With the passing of $26 billion in funding for Israel in the US Senate yesterday, Democrats risk losing elections in November. Some voters, particularly in swing states, will not vote for elected officials/candidates who provide support the unfolding genocide in Gaza and the ongoing occupation.
I, personally, am not a one issue voter. In fact, I think one-issue voters (of any party) are often intellectually lazy and sophomoric. It is rarely an effective tactic (although anti-choice and pro gun pollution groups would argue to the contrary).
I can assure you that there are MANY (possibly a few million?) Democratic Palestinians, Muslims, Arabs, Jews, Native Americans, Protestants, Catholics, Youth, and others who will NOT vote for President Biden/Vice President Harris nor other elected officials who support Netanyahu’s ethnic cleansing in Gaza and his destruction of a 2-state solution.

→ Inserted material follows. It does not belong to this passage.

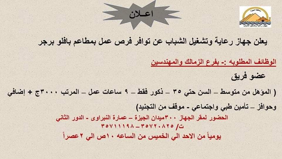 أعلن جهاز تشغيل الشباب بمحافظة الجيزة توفير فرص عمل بمطاعم بافلو برجر، موضحًا أن الوظيفة المطلوبة هي عضو فريق بمطاعم المهندسين والزمالك.

Would Trump or Kennedy be worse for Palestinians? Yes! Will this reality persuade these voters? No, unfortunately. Certainly not enough of them to assure success in Pennsylvania, Georgia, Florida, Wisconsin, Michigan, Arizona, Minnesota, and North Carolina. We will see variations of two phenomena: pro-Palestinian citizens who vote for Stein and West and those that don’t vote at all. These voters see US policy as one-sided in support of Israel and complicit in unfolding genocide. They will not support candidates who pretend to be supportive of Palestinians with calls for a two-state solution and humanitarian funding. When Palestinians have lost scores of their family members killed by US weapons wielded by Israel, they are NOT going to vote for candidates with blood on their hands. And for those who are deeply scarred by Jim Crow apartheid and US support for Apartheid in S. Africa, there will be limited votes for Democrats.
If you think these voters are unlikely to balk at voting for Democrats, let me draw your attention to a little history. In 2000, Gore lost a significant number of Arab, Palestinian and Muslim voters in Florida (and elsewhere) because he ran to the right of Bush on support for Israel. (Ironically, he had no need to aggressively court the “Zionist swing” vote because Lieberman was his VP). But we do know that Gore “lost” the election in Florida (according to the Supreme Court anyway), and the number of votes by these communities for Bush and Nadar was enormously consequential. Some of these voters may have learned their lesson and will vote for Democrats. But many of the younger generation voters will not.
Persuasive arguments may helpful in obtaining some support from these large voting groups. However only a change in US policies (along the lines of Sen. Sanders, and Cong. Cori Bush) which treats Palestinians and Israelis equally will attract their votes. (For starters, recognizing Palestine as a state, suspending US aid to Israel, treating Hamas and Likud as equivalent terrorist governing entities, restoring UNWRA funding, equating hostages and political prisoners, and withdrawing Trump’s recognition of Israel’s annexation of East Jerusalem and the Golan.) Our current unbalanced policy is courting defeat in a close election for Congress and the Presidency with catastrophic consequences for the planet.